Пропустив вперед, шел, туфлями неслышно ступая. В высоко поднятой руке огоньки пяти свечей бьются, бьются. Шел, и шаги властные. Шел, и взор его, в затылок Дорочки впившийся, хищно зол. И кривила губы его побелевшие улыбка палача. А Дорочка меж тесными стенами лестницы идя, тешила себя обманными грезами.
У двери узкой с висячим замком на долгие мгновения остановились. Плечом о косяк опершись, стоял Виктор, в глаза Дорочкины глядел упорно. И чуть головой кивал. Странно так. И страшно стало ей. И молчание мгновений тех страшным было, и страшен этот висячий замок, большой. И не скоро отпер Виктор. Дорочку отстранив, быстро вперед прошел. И рванулись, и чуть не погасли пять огоньков.
Канделябр на подоконник поставил. Встал, заслонив собою восковую фигуру Антона. И когда подошла задрожавшая Дорочка, на картину свою рукой указал. Сразу закапали частые неудержные слезы из глаз Дорочки... Сжалась. Руки повисли. С холста перекинулись на нее невидимые цепи, сковали.
"Антошик... Антошик родной. Мальчик загубленный..."
Мысли несвязные мчались.
На Дорочку не смотрит Антошик. Отвернулся чуть, в свою даль смотрит, безмерно грустный. Забыл? Не хочет видеть ее? Смотрела и не знала, что плачет. И тех портретов, со стены на "последнего в роде" глядящих, не видела.
"Антошик... мальчик бедный".
- Что? Похож?
То Виктор сказал голосом каменным.
И на Виктора взор подняла безвольно. И тогда почуяла на лице своем слезы. И Виктор шагнул к ней.

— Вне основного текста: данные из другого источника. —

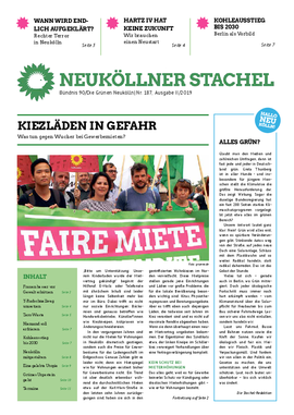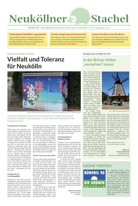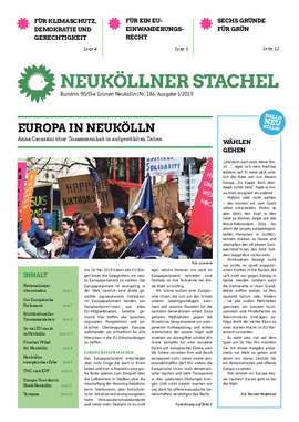 Europawahl: Grüner New Deal für Jobs und Klimaschutz - Neuköllner Städtepartnerschaften - Linkspartei nicht europatauglich - Ethnische Ökonomie - Grüne Randnotizen aus der Neuköllner BVV - Neukölln braucht dringend den verbindlichen Ethik-Unterricht - Interview mit Elisabeth Schrödter und Lisa Paus - Neues Baumsterben - Bürgerbeteiligung hart erarbeiten: über Öffentlichkeit und Transparenz am Richardplatz-Süd - Inn-Sportplatz - Strategien für Neukölln - A100 stoppen - Kazim Ero?an: der gute Mensch von Neukölln

Пристально, пристально в глаза заглянул и пошел прочь, к двери. И тогда увидела на том месте, у окна, где только что стоял он в синем своем фраке, увидела того, воскового. Увидела. Ужаснулась страхом каким-то белым. Здесь вот, рядом, живой - не живой, сидит, в ночь через стекла смотрит. И живые огни пяти свечей в лик умирающий засматривают. Закричала голосом скрипящим. Отступила. И еще. И еще. И под колени ее тахта ударила. На тахту повалилась Дорочка, глаза ладонями закрыв. Тогда услышала голос Виктора. Издалека. Будто за стенами склепа.
- Я здесь, Дорочка.
Сорвалась с тахты. К двери. Но тьма там, за распахнутой дверью. Назад кинулась, руку уж протянула к канделябру. Но затряслась, опять увидев. И выбежала туда, в тьму.
- Я здесь, Дорочка.
Спотыкалась. Руки вперед. Как слепая в тьме чужого дома. И охватили, сжали ее сильные руки.
Истерзанная ядом ночных поцелуев и ядом слов Виктора, слов непонятной, мстящей какой-то любви, Дорофея два дня не могла заставить себя уехать из Лазарева.

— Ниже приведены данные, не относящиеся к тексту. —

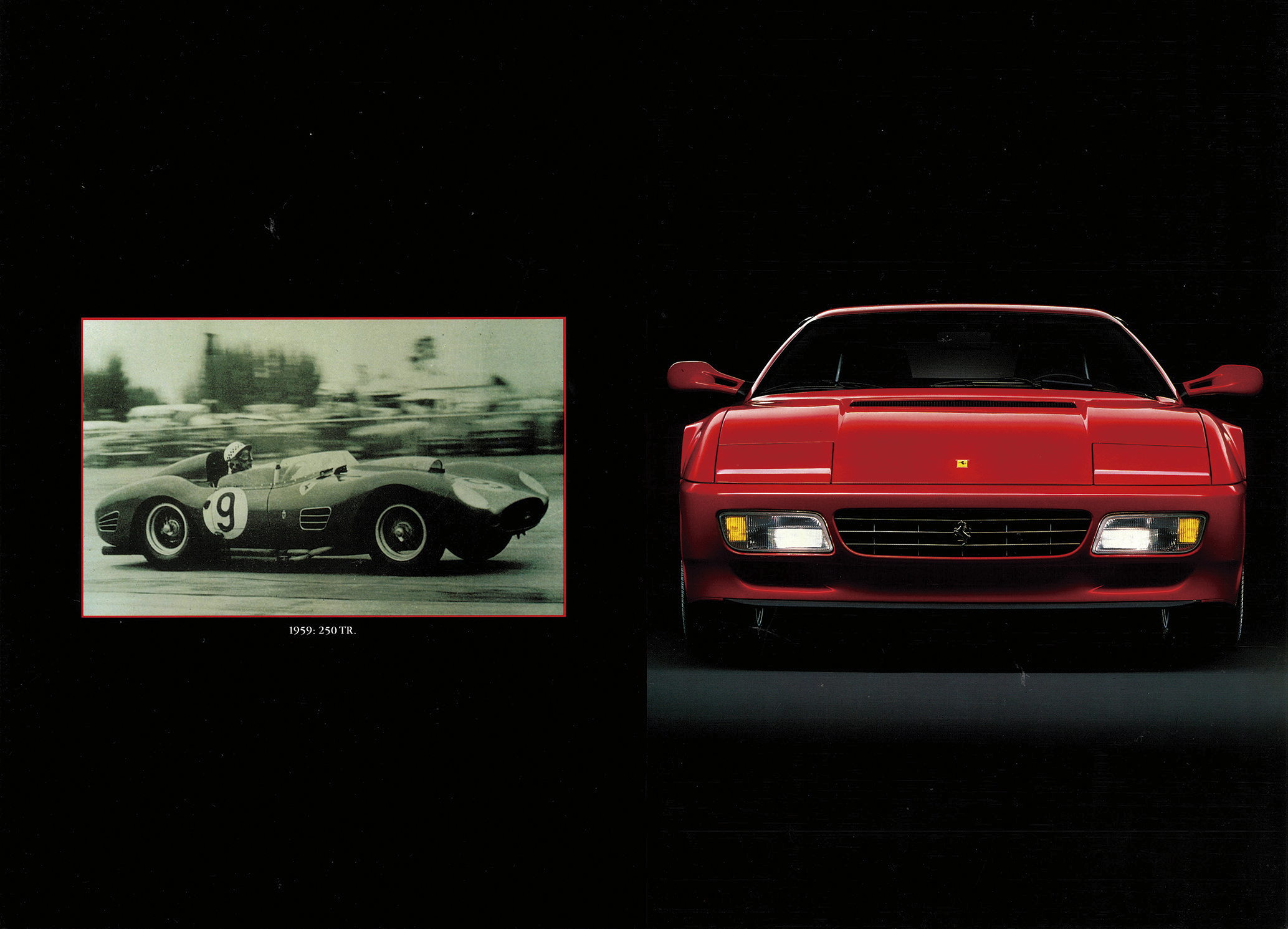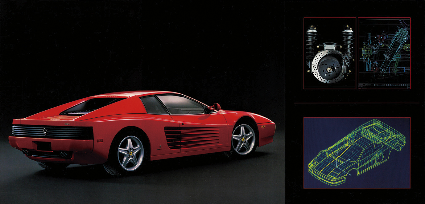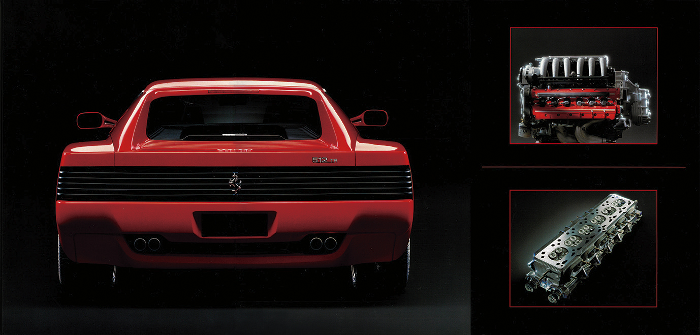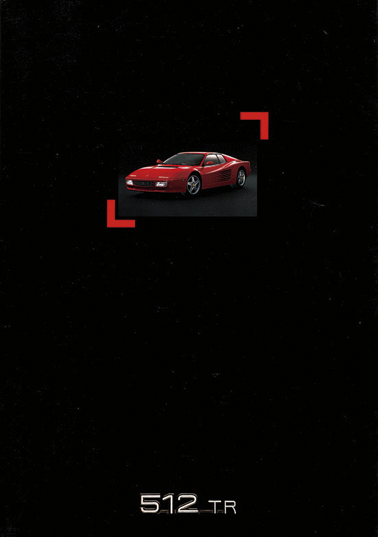 1990年代初頭のフェラーリを象徴したMRスーパースポーツ、「512TR」の復刻版カタログ。カタログは1991年11月版(原寸298×210mm、変形28㌻編集)。フェラーリ512TRは、1984年に登場したフラッグシップMRスポーツ「テスタロッサ」の発展版。1991年秋に1992年モデルとしてデビューした。512TRの「512」は、エンジン排気量の5リッターと、12気筒エンジン搭載車であることを示し、「TR」はテスタロッサ(=Testarossa)の略。パワートレーンは4942ccの180度V型12気筒DOHC(428ps/50.0kgm)と5速MTの組み合わせ。前後重量配分は41対59、ホイールは18inを装着する。512TRは従来のテスタロッサでは分割式だったフレームを一体式に改め、さらにエンジンの重心高を下げることで運動性能をリファイン。パフォーマンスは鮮烈で、0→100km/h加速は4.8秒でクリアー、トップスピードは313.8km/hに達した。生産台数は2261台、ボディサイズは4480×1976×1135mm、車重は1473kgだった。

И стыд, и боль, сосущая боль в сердце, и бьется сердце так непривычно-ударно и часто-часто. Но уйти нельзя, нельзя своими руками разорвать сразу это розовое облако томительного счастья. И сквозь облако душное, сквозь облако блаженной грусти видит долгие часы то лицо Виктора, бледное лицо, то стены; вещи сказочного дома шепчут ей песенки незнаемой жизни, такой чуждой и такой вдруг родной, шепчут и не отпускают. А бледное лицо заслоняет все, из памяти вытравляет иные лица. И глядит Дорочкина душа в синь Викторовых глаз, и чудится ей, будто видит синеву небес, а в синеве небес ангел белый, сбесившийся и мятежный. Смутно чудится.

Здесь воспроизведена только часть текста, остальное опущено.